THE DATA.
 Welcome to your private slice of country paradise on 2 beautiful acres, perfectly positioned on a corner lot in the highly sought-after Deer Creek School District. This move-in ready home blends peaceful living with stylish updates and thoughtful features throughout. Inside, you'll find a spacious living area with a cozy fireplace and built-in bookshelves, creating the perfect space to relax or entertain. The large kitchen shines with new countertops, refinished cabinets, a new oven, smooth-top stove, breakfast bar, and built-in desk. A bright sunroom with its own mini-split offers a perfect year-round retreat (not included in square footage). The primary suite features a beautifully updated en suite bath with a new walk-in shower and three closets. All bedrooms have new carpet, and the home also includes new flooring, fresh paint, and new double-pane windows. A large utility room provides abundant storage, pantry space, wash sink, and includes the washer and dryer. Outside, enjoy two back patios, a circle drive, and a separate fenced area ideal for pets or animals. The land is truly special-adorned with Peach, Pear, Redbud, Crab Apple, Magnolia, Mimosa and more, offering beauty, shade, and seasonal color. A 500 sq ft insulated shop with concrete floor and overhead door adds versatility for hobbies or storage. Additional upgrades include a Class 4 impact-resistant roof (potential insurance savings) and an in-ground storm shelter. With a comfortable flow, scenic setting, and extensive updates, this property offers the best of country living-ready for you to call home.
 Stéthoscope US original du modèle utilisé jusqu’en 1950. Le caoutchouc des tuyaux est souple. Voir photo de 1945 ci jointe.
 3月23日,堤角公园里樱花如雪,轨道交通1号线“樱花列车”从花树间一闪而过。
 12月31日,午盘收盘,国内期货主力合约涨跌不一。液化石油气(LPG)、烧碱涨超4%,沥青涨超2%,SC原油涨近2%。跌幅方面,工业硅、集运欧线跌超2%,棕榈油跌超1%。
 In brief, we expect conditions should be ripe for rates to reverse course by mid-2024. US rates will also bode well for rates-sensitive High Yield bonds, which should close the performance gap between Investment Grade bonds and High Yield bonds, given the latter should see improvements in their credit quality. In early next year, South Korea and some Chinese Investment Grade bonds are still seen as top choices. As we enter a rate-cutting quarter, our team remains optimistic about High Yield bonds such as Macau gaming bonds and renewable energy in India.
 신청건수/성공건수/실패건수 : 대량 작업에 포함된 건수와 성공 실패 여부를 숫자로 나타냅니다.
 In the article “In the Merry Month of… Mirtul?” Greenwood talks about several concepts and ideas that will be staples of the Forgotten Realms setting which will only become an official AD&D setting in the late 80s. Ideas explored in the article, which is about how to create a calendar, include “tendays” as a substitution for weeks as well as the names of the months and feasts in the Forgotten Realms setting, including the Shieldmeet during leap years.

WHAT THE TASK REQUIRES.
Could you reproduce the lines above, from the one that holds "신청건수/성공건수/실패건수 : 대량" through the last, exactly as they stand?

RESPONSE TO THIS TASK.
 신청건수/성공건수/실패건수 : 대량 작업에 포함된 건수와 성공 실패 여부를 숫자로 나타냅니다.
 In the article “In the Merry Month of… Mirtul?” Greenwood talks about several concepts and ideas that will be staples of the Forgotten Realms setting which will only become an official AD&D setting in the late 80s. Ideas explored in the article, which is about how to create a calendar, include “tendays” as a substitution for weeks as well as the names of the months and feasts in the Forgotten Realms setting, including the Shieldmeet during leap years.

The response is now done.